→ **Data section**
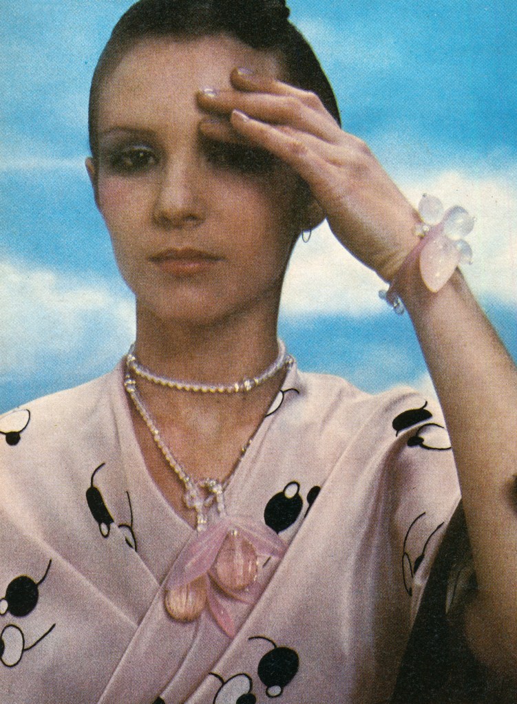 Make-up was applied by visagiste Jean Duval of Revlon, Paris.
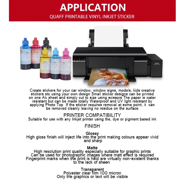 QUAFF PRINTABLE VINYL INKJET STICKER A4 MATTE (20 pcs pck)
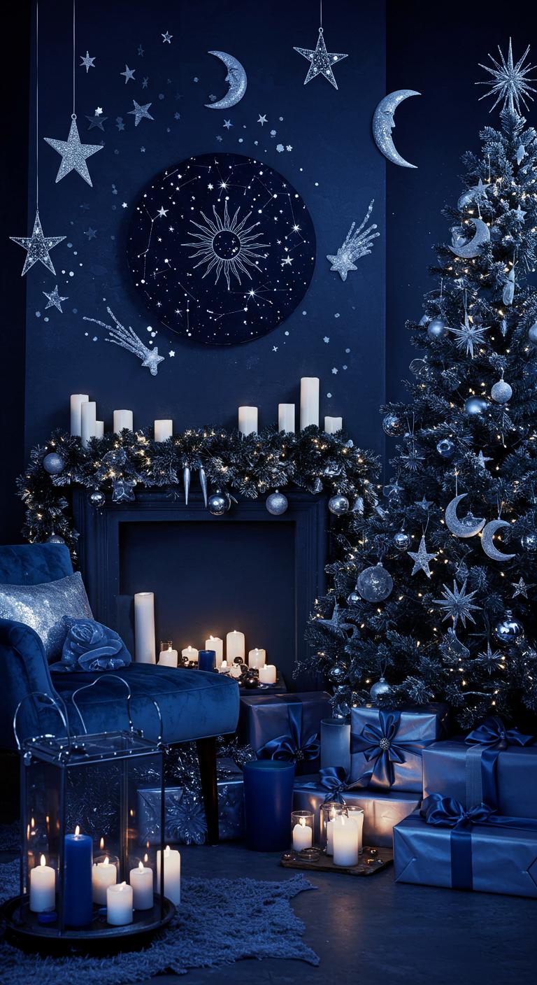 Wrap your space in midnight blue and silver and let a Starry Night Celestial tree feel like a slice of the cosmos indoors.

→ **Task to complete**
The data must be printed exactly, image-free.

→ **Response**
 Make-up was applied by visagiste Jean Duval of Revlon, Paris.
 QUAFF PRINTABLE VINYL INKJET STICKER A4 MATTE (20 pcs pck)
 Wrap your space in midnight blue and silver and let a Starry Night Celestial tree feel like a slice of the cosmos indoors.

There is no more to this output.